2 nd Red buckling is out now Pictures of all the kids from the past 2 days will be up tomorrow


----------



## GTAllen (Jul 22, 2012)

3rd one is out. A red doeling!


----------



## GTAllen (Jul 22, 2012)

:kidblue::kidblue::kidred: going to get them all finished up for the night


----------



## Crossroads Boers (Feb 19, 2011)

Awesome!! Love the reds!!


----------



## Wlschwallenberg (Jan 4, 2013)

Congrats x3!! Send some red baby vibes my way please.


----------



## mmiller (Apr 3, 2012)

Congratz!! Glad to hear the births are going well for you!


----------



## Tenacross (May 26, 2011)

GTAllen. you owe us pics my friend.


----------



## NyGoatMom (Jan 26, 2013)

Congrats....and yes, pics!


----------



## toth boer goats (Jul 20, 2008)

congrats


----------



## GTAllen (Jul 22, 2012)




----------



## GTAllen (Jul 22, 2012)




----------



## GTAllen (Jul 22, 2012)




----------



## Wlschwallenberg (Jan 4, 2013)

So cute!!!!


----------



## StarMFarm (Jan 17, 2013)

Congrats, I love your bathroom decorations by the way :laugh:


----------



## JaLyn (Oct 10, 2012)

aww they are adorable..


----------



## NyGoatMom (Jan 26, 2013)

Hey...they make goat rugs?!  How cute they all are!


----------



## clearwtrbeach (May 10, 2012)

Congrat, they are so cute. Agree, nice bathroom decorations.


----------



## HoosierShadow (Apr 20, 2010)

Awww they are adorable! Congrats!! Do you just keep them in the house at night because it's cold? That picture of them inside is just tooo cute!


----------



## GTAllen (Jul 22, 2012)

HoosierShadow said:


> Awww they are adorable! Congrats!! Do you just keep them in the house at night because it's cold? That picture of them inside is just tooo cute!

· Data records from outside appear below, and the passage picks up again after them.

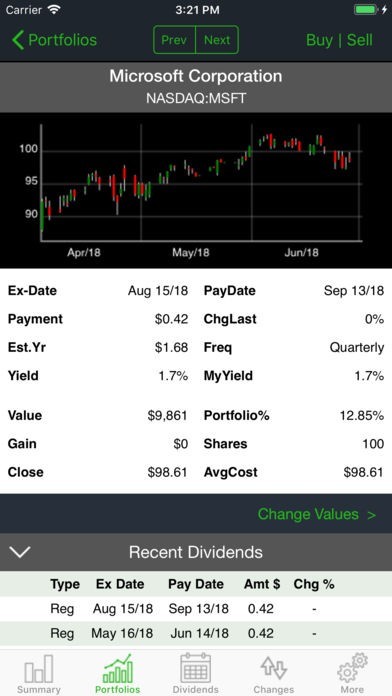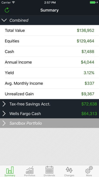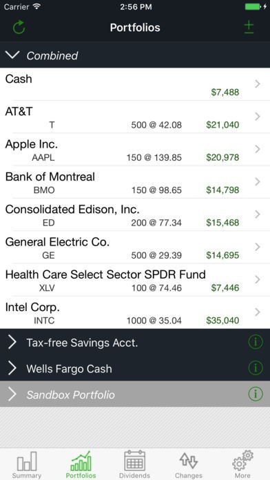 Portfolios may be shared across multiple devices and viewed on our secure web site. The app provides a free unlimited one month evaluation and supports over 5,000 dividend paying stocks listed on both the US and CAN stock exchanges.
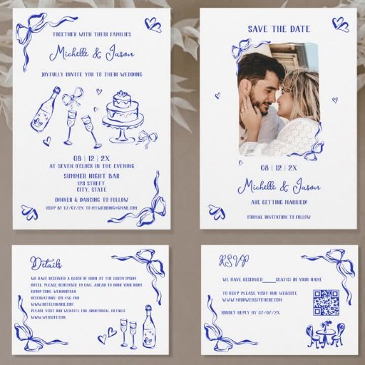 Einzigartig blauer Handgezeichneter Retro Französischer Spaß Einladung mit einem Bugrahmen, ein skurriles trendiges Kunstwerk für Ihre französische Hochzeit am Savanamm
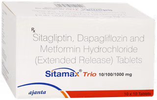 Sitamax Trio 10mg/1000mg/100mg Tablet is a combination drug used in the treatment of type 2 diabetes mellitus. It works by helping the body lower and maintain optimal blood sugar levels. This medicine supports the body’s insulin function, enhances glucose removal through urine, and reduces sugar production by the liver, contributing to better glycemic control when combined with a healthy diet and physical activity.
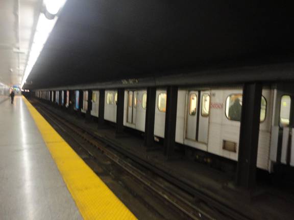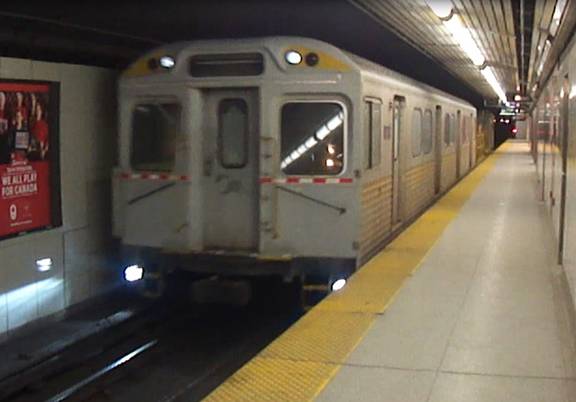 A week later, Larry and I went out work car fanning again. We parked near Bloor and Yonge and went into the subway. We had originally planned to go to Davisville, but it was very cold out, so we decided to go to Eglinton instead. We boarded a Toronto Rocket train. This was after midnight so trains were going to turn around at Eglinton instead of Finch.
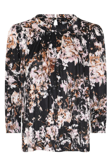 - In Front's skønne Grazia bluse med et flot print i fine farver. Blusen har ¾ lange ærmer og rund hals der lukkes i nakken med en lille knap.
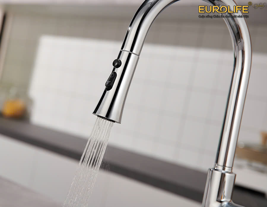 Vòi rửa chén nóng lạnh dây kéo 4 chức năng sử dụng Eurolife EL-IK01,02,03 (3 màu: trắng bạc, vàng, xám)

I brought them all in the evening the 3 reds were born because it was pouring rain and sleeting. The high wind was driving the rain under the roof into the kidding pens. I covered the sides of the kidding better and they are all outside now. Plus I wanted to check them all out


----------



## Used2bmimi (Oct 3, 2012)

Awesome! Thanks for sharing! So fun to see them all!


----------